• **YOUR TASK**
With no images included, output each entry below exactly as it appears.

Items from a data source:
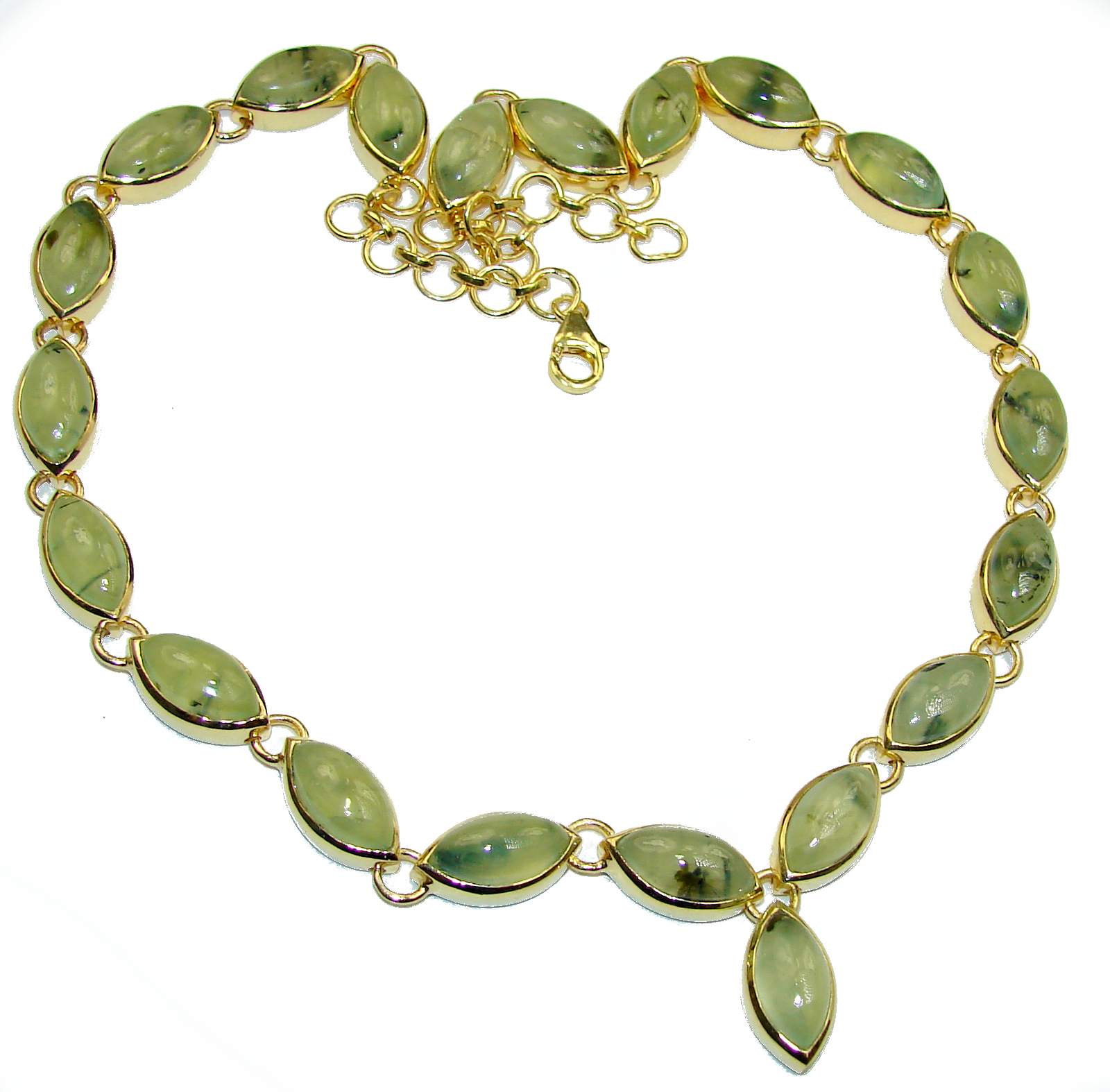 Great Masterpiece genuine Moss Prehnite 14K Gold over .925 Sterling Silver handmade necklace
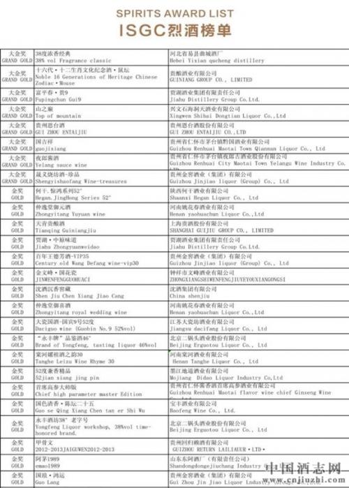 附:获得2021国际酒类(中国)大奖赛金奖的烈酒榜单如下:
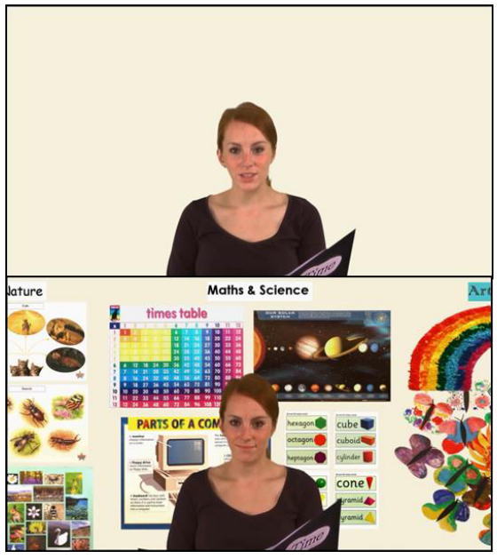 The children were presented with a video lesson where a teacher stood in front of a screen that was either decorated with a display taken from an actual classroom, or a blank screen (see below). The children were then assessed using a worksheet and eye-tracking equipment was employed to detect where the children were looking.
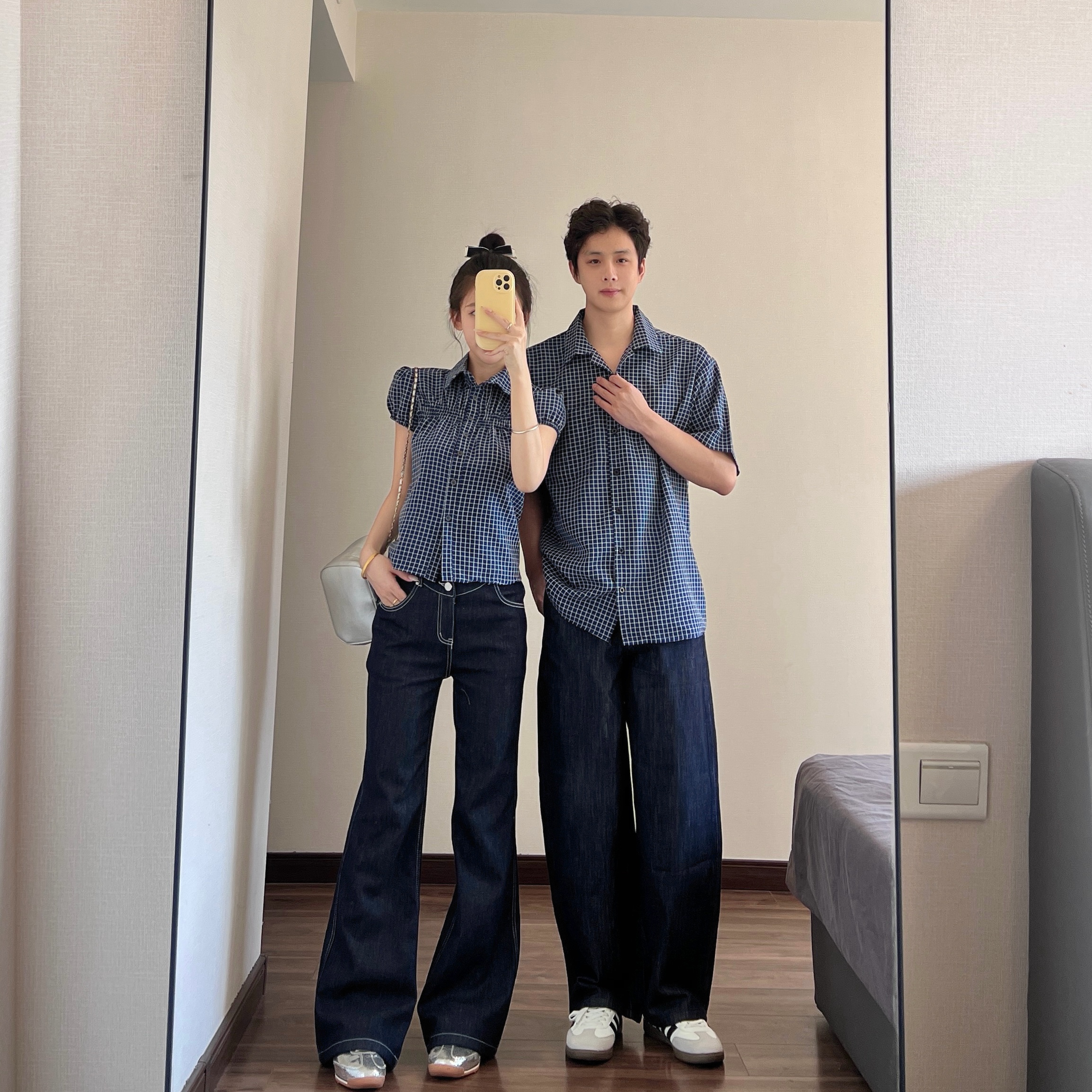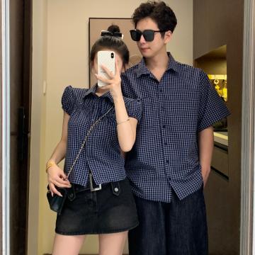BY19031# 情侣装夏季设计感韩系复古蓝色格纹泡泡袖衬衫 服裝批發女裝批發服飾貨源
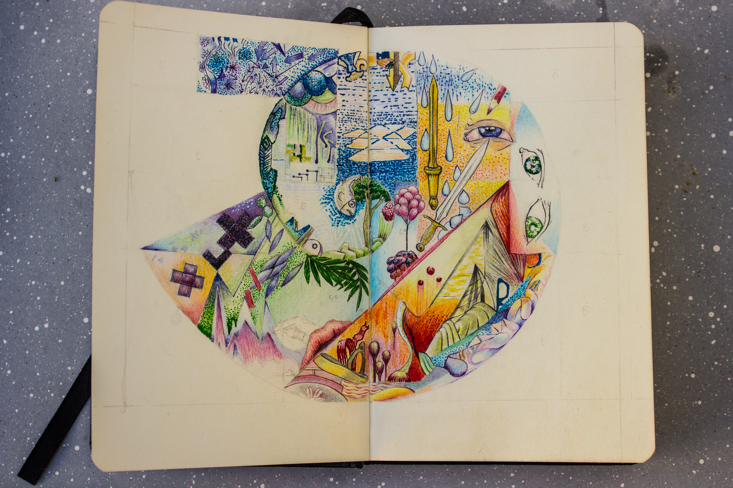 Spiralwildonkey (25)in #drawing • 7 years ago Made it just for killing time through classes... ended very colorful A6 moleskine Used every pen: fountain, ballpoint, watercolor, charcoal, etc. #bic #nonsense #moleskine #colorful

• **RESPONSE TO THE TASK**
 Great Masterpiece genuine Moss Prehnite 14K Gold over .925 Sterling Silver handmade necklace
 附:获得2021国际酒类(中国)大奖赛金奖的烈酒榜单如下:
 The children were presented with a video lesson where a teacher stood in front of a screen that was either decorated with a display taken from an actual classroom, or a blank screen (see below). The children were then assessed using a worksheet and eye-tracking equipment was employed to detect where the children were looking.
BY19031# 情侣装夏季设计感韩系复古蓝色格纹泡泡袖衬衫 服裝批發女裝批發服飾貨源
 Spiralwildonkey (25)in #drawing • 7 years ago Made it just for killing time through classes... ended very colorful A6 moleskine Used every pen: fountain, ballpoint, watercolor, charcoal, etc. #bic #nonsense #moleskine #colorful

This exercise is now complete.